No es fácil ser firme y claro a la hora de corregir y magnánimo al alentar y motivar, mostrar rectitud junto con bondad, señalar los límites que impone a la libertad la convivencia humana y, a la vez, fomentar el gusto de tratar a los demás con espontaneidad.
Consciente de que representa en cierto modo la norma y los principios que rigen una vida ordenada, tiene que estar atento para que sus hijos no actúen movidos por el temor o simplemente para complacerle. Por eso procura manifestar con su propio ejemplo los valores que trasmite de palabra para que sus hijos actúen con autonomía responsable, movidos desde su propio interior por convicciones firmes.

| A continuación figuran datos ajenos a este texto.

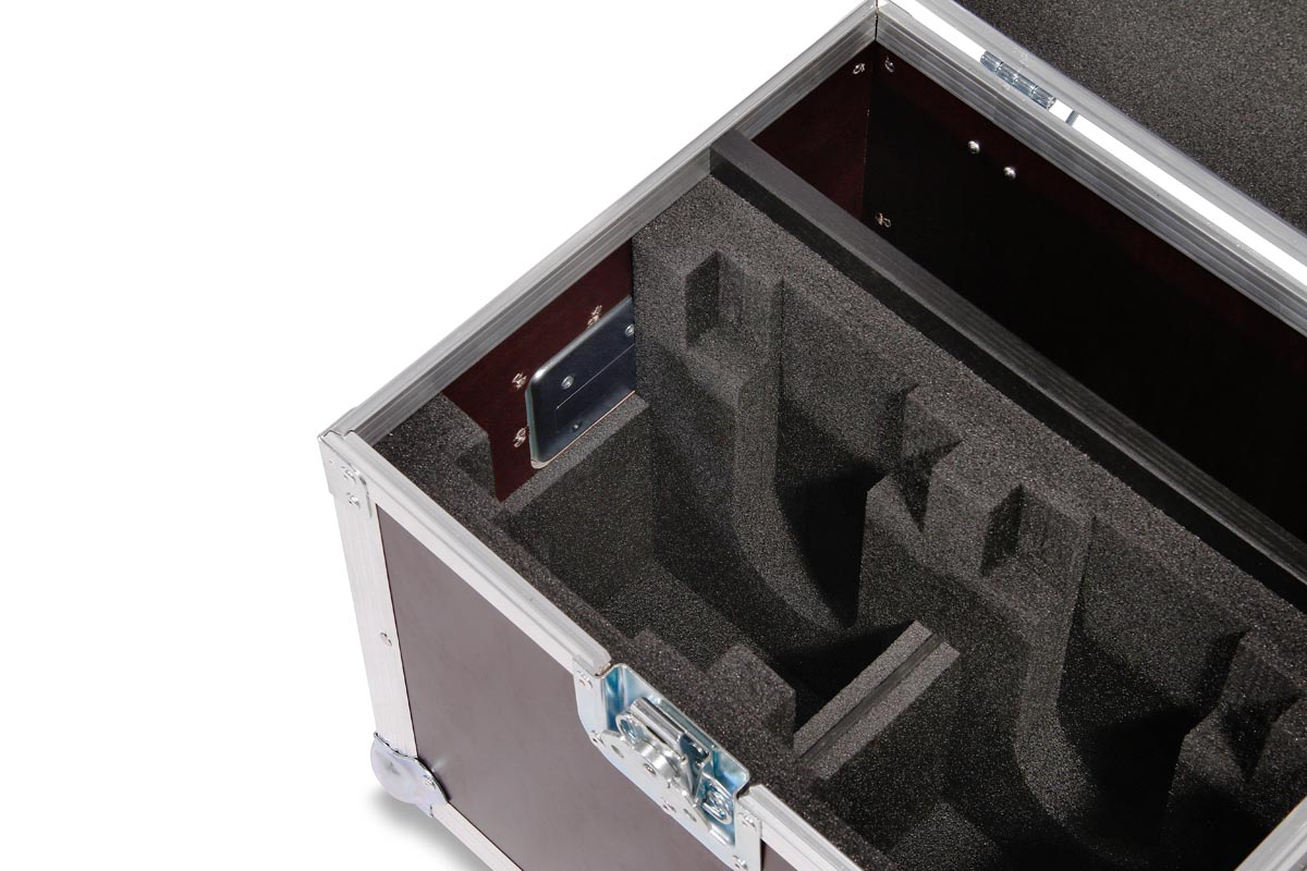 Zwei Kammern enthalten Schaumstoffinlays, die optimal für die Scheinwerfer gefräst wurden.
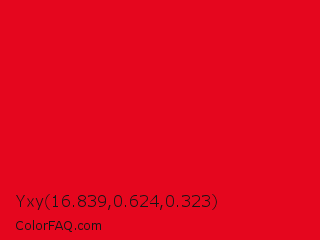 Yxy 16.839,0.624,0.323 Color is a normal red color and the nearest color is Cadmium Red #e30022. Hex code #e5061e and RGB value is rgb(229,6,30). In RGB color space, this color is composed of 90% red, 2% green, 12% blue, In CMYK color space, this color is composed of 0% cyan, 97% magenta, 87% yellow , 10% black , In HSL color space, this color has a hue angle of 354° , 95% saturation and 46% lightness.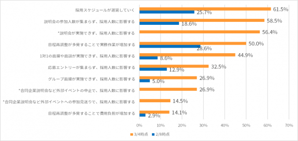 ■採用スケジュールの遅延、採用人数への影響が懸念事項
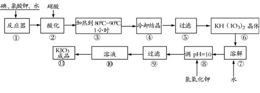 23.(8分)碘酸钾是一种白色结晶粉末,无臭无味,酸性条件下碘酸钾是一种较强的氧化剂,与氢碘酸、二氧化硫等还原性物质作用,被还原为单质碘,在碱性介质中,碘酸钾能被氯气、次氯酸盐等氧化为高碘酸钾。碘酸钾在常温下稳定,加热至560℃开始分解。工业生产碘酸钾的流程如下,在反应器中发生反应的化学方程式为:
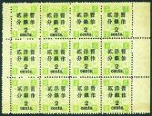1897 Dowager large figures surcharged 2.50mm on second printing, 2c on 2 cds yellow green block of 12 with sheet margins, mint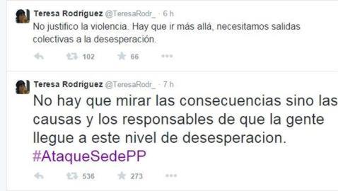 17.30: El eurodiputado del PP Pablo Zalba ha respondido a su compañera en la eurocámara Teresa Rodríguez que a los trabajadores de la sede nacional del PP «les hubiera gustado tener la solidaridad» de Podemos en lugar del comentario «repugnante» que ha hecho en las redes sociales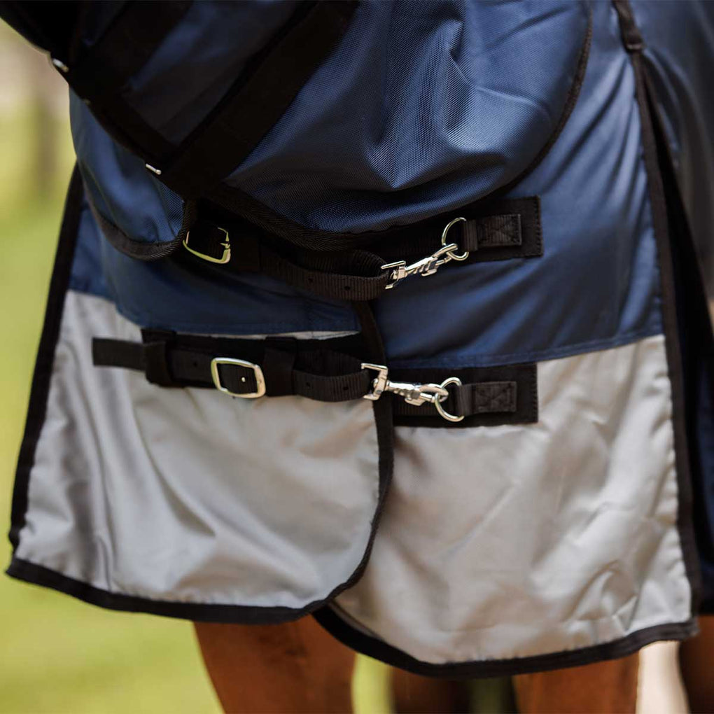 Protect your horse from the elements with the Gale Force Full Neck Turnout Blanket by Country Pride. Built with a tough 1680 denier waterproof outer shell, this lightweight horse blanket includes 100g of high loft poly-fill insulation-ideal for chilly weather without overheating. The attached full neck cover offers added warmth and protection, while shoulder gussets allow natural movement during turnout. Featuring an open front with double buckle and snap closures, bias surcingles, tail cover, and adjustable/removable elastic hind leg straps for a secure fit. The navy and grey two-tone design adds a stylish touch.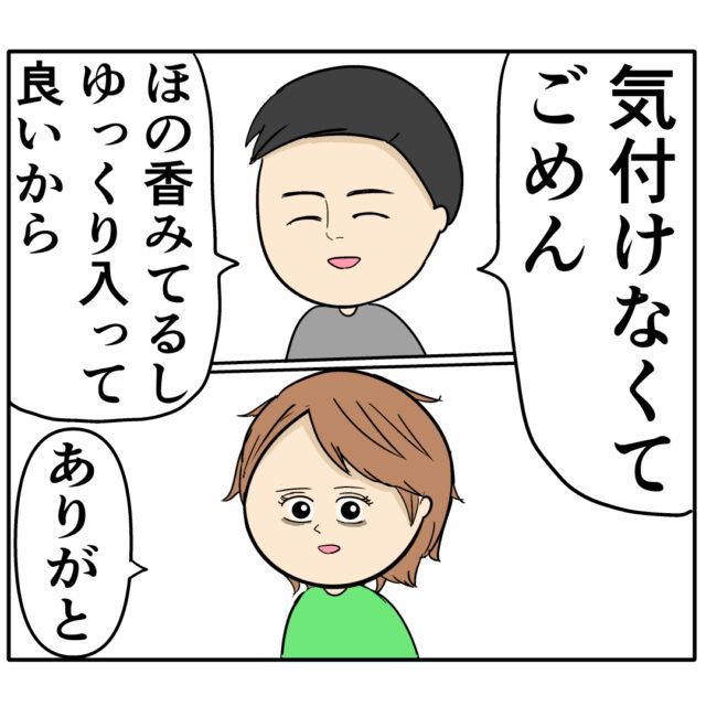 「気づけなくてごめん。ほの香見てるし、ゆっくり入って良いから」
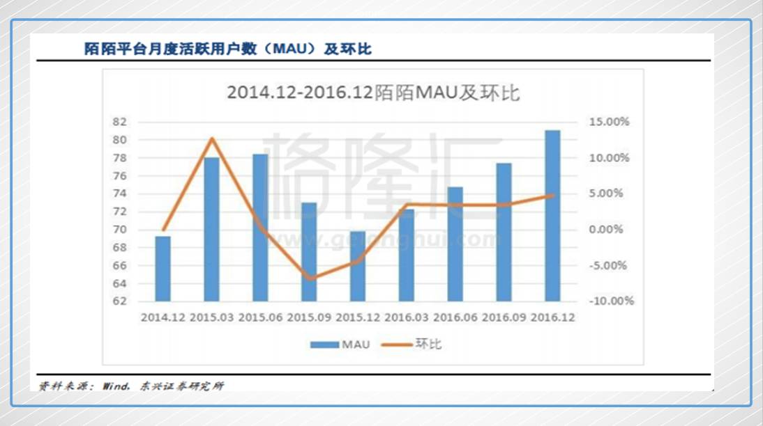 天然,陌陌股價(jià)這么的大漲,離不開其牛X的成果增加。2016年是直播大發(fā)展的一年,陌陌依托著直播的風(fēng)口取得了驚人的成果——16年收入同比增加313%,贏利則翻了9.6倍。同時(shí),在直播的股動(dòng)下,其要害的月活(MAU)也得以康復(fù)增加,去年底陌陌渠道月活數(shù)為8110萬,實(shí)在是打了一個(gè)美麗的翻身仗。

Ser padre es la más bella obra que Dios confía a un hombre: en ella se prolonga y se hace sentir que Dios es Padre y origen de toda paternidad. En definitiva, ser padre consiste en hacer nacer y crecer a Cristo en los corazones de los hijos.
En esto radica el secreto de su éxito, la satisfacción más honda que podrá sentir al final de sus días, la experiencia más consoladora de Dios, el principio y fundamento de su espiritualidad de padre.
El padre cristiano no deja de pedir: Padre que estás en los cielos, haz que cada día me parezca más a ti en mi hogar.